Caleb Reed, who played Dewey in Parker and came Golden to cheer his crossover castmates on, said the “School of Rock” experience(s) will live long inside Chris and Liam.
“Rock and roll is awesome,” he said. “Whatever that is – the mentality; the spirit of it – those kids created bonds that make it look like they have known each other their whole lives.”
Sir Ethan Hershman
For any look back at the Colorado theater year, attention must also be paid to now 11-year-old Ethan Hershman, who played Mason (the band’s tech-savvy effects designer) in Veritas’ “School of Rock” but was not available for Miners Alley’s summer staging because he was already tapped to play young Joseph in Performance Now’s “Joseph and the Amazing Technicolor Dreamcoat” at the Lakewood Cultural Center.
This after charming audiences (and becoming the youngest winner in the 18-year history of the Henry Awards) for his starring turn as lisping young Winthrop Paroo in Performance Now’s winning production of “The Music Man.” Ethan, whose acting is a little scary good for his age, had crowds weeping at the end of Act 1. For both “The Music Man” and “Joseph,” he was 10 years old.
Right now, he’s the featured falsetto singer in Sherrill’s production of Gian Carlo Menotti’s mini-opera “Amahl and the Night Visitors” at the Wellshire Presbyterian Church. That’s a 2024 slate that few actors of any age can match. (All while going to school. And, evidently, playing flag football.) He’ll start the new year as one (of two) kids playing Michael Banks in Give5 Productions’ “Mary Poppins” at the PACE Center.
Did I mention he’s 11? He’s not.
“He’s 35,” Sherrill said. At least by any measure of experience.

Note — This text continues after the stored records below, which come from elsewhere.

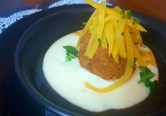 An orb of offaly haggis – I know, clock us tourists – comes with a can’t-put-my-finger-on-it ‘sauce’; potato veloute I reckon, smartly ticking the ‘tatties’ element while strands of swede – soz, ‘turnip’, soz, ‘neeps’ – complete the age-old ensemble.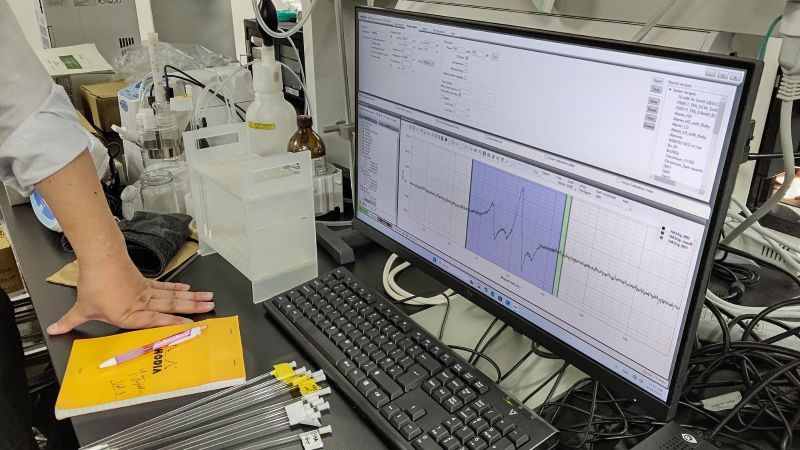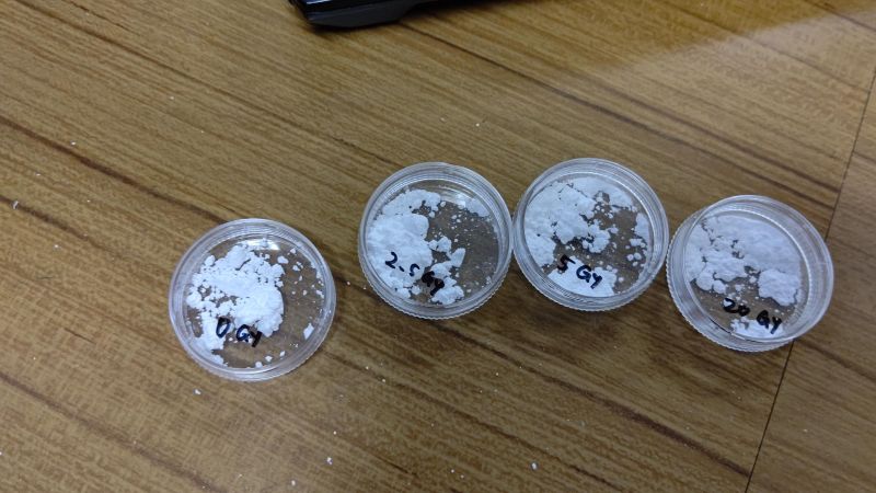 講演後の演習では、ESRによる測定を行うために、生体試料の作成、X線照射等を実施しました。実際のESR測定では、0 Gy、2.5 Gy、5 Gy、20Gyに分けて照射した生体試料をそれぞれスペクトル測定し、試料中の全スピン数を計測しました。今回のセミナーでは試料とした爪の採取法や個体差に起因する差が大きく、トリアージでの活用に向けた課題が明確となりました。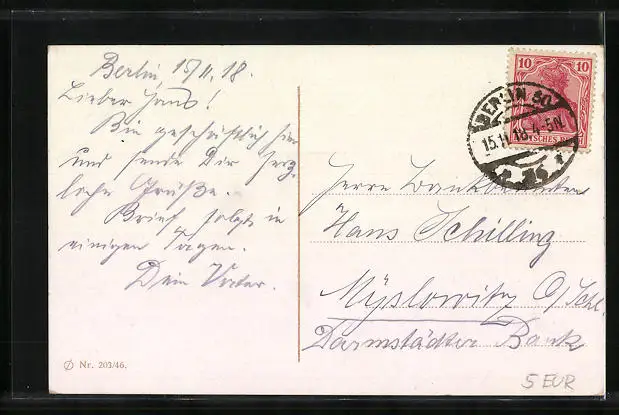alte Ansichtskarte, gelaufen 1918, Stempelspur, guter Zustand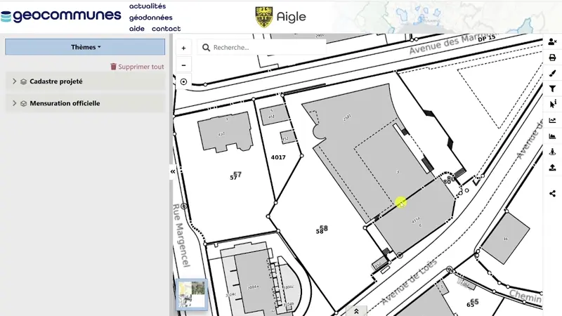 Il est possible de choisir les géodonnées, le fond de plan et les dessins présents sur la carte.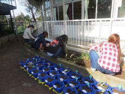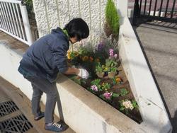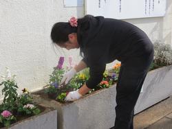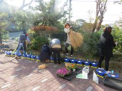 蒔田小学校では、PTAの有志の方を中心に、校門・ピロティ付近を中心に花壇の整備をしていただきました。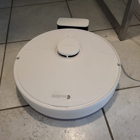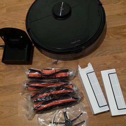 Roborock S5 Max robotstøvsuger i sort farge. Denne modellen er designet for effektiv rengjøring med avanserte navigasjonsfunksjoner. Den er utstyrt med en stor vanntank og kan moppe og støvsuge samtidig. Passer for ulike gulvtyper og har justerbare innstillinger for optimal rengjøring.

“That kid works like he’s a 35-year-old professional actor,” Sherrill said. “He listens, he takes notes, he has fun, he explores, he’s focused.”
He’s honed his craft for half his life as an almost-annual cast member in a huge annual music revue called Magic Moments, along with much of his family. But even when he was 5, says his mother, local choreographer Allison Hershman Owens, “it’s always been Ethan’s choice.”
But was there ever, really?
“I was teaching a dance class right up to when I went into labor,” she ‘fessed up with a laugh.
“But he truly loves every second of it, she said, “and has chosen to keep pursuing it.”
Having directed Liam, Chris and Ethan in 2024, Sherrill points out that the power of working with youngsters is a two-way energy.
“You walk away every night after rehearsal just feeling younger, feeling enthused, knowing full-well why you’re doing this,” he said, “because you know that you’re having an effect on their lives – and they are having one on yours. I loved every minute of it, to be honest.”
Note: The True West Awards, now in their 24th year, began as the Denver Post Ovation Awards in 2001. Denver Gazette Senior Arts Journalist John Moore celebrates the Colorado theater community by revisiting 30 good stories from the past year without categories or nominations.